Paternott was born at Watford in January 1992. He was educated at Felsted School, before going up to Oxford Brookes University. While studying at Oxford, he made his debut in first-class cricket for Oxford MCCU against Nottinghamshire at Oxford in 2014, top-scoring in the Oxford first-innings with 50 runs, in a score 102 all out. He played first-class cricket for Oxford MCCU until 2016, making a total of six appearances. He scored 160 runs in these matches, with his debut fifty his highest first-class score. In addition to playing first-class cricket, Paternott also played minor counties cricket for Hertfordshire in 2013 and 2014, making a single appearance in the Minor Counties Championship scoring 111 on debut and two appearances in the MCCA Knockout Trophy.

From 2014-2016, Paternott represented Northamptonshire's 2XI. During his first year with the county he went through a purple patch of form averaging 127 in 50 overs cricket and 39 in the 3 day format.

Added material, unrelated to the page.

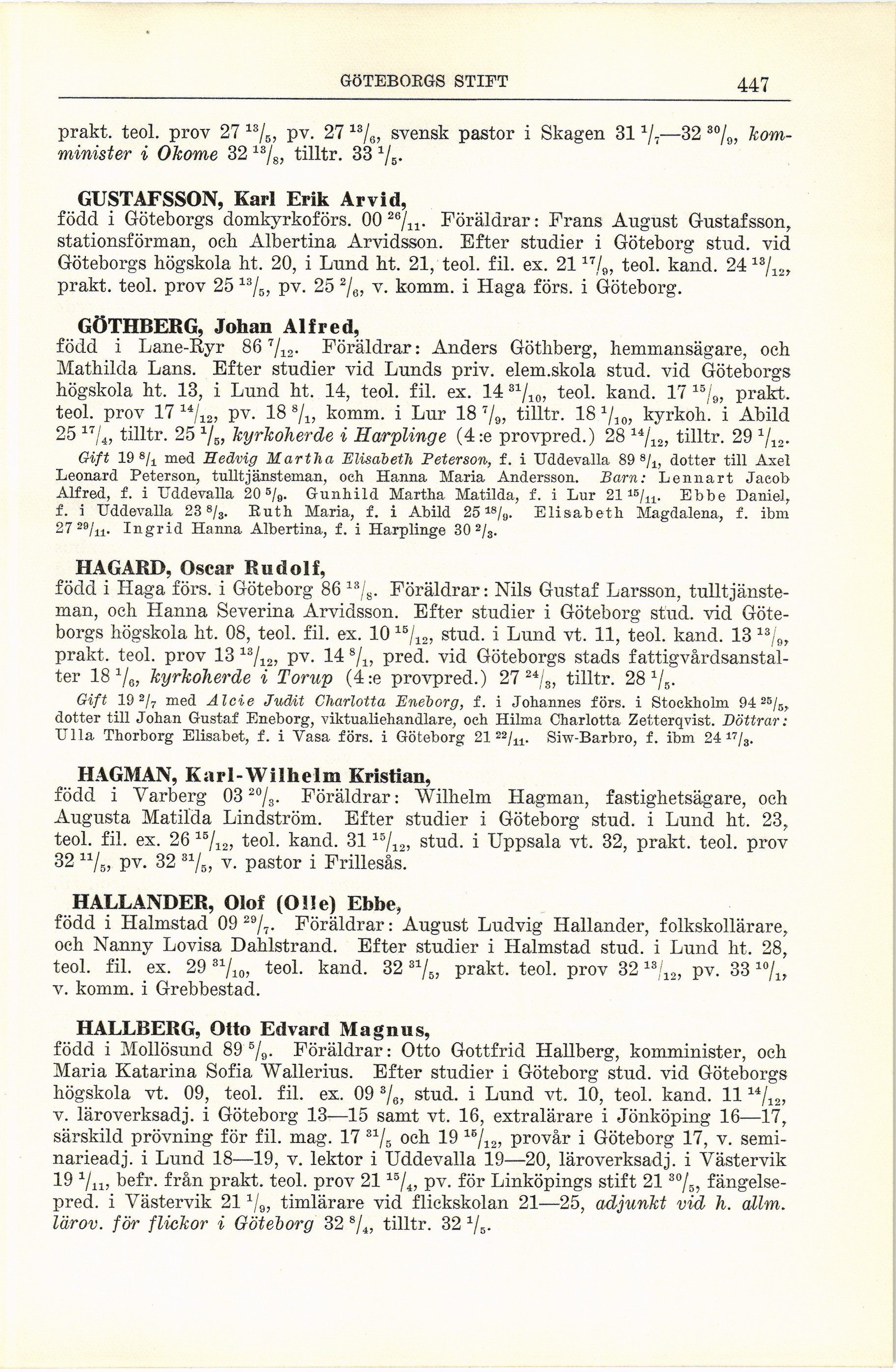 prakt. teol. prov 2513/5, pv. 25 2/e, v. komm. i Haga förs. i Göteborg.

Paternott's mother is of Ugandan descent, meaning he is eligible to represent Uganda. The Uganda Cricket Association sought to seek approval for him to play for Uganda in the 2017 ICC World Cricket League Division Three, but did not seek clearance in time. He toured Qatar in 2018, but did not feature for Uganda in the 2018 ICC World Cricket League Division Four due to a dislocated knee in the first warm-up game. In July 2019, Paternott was one of twenty-five players named in the Ugandan training squad, ahead of the Cricket World Cup Challenge League fixtures in Hong Kong which was postponed due to political reasons.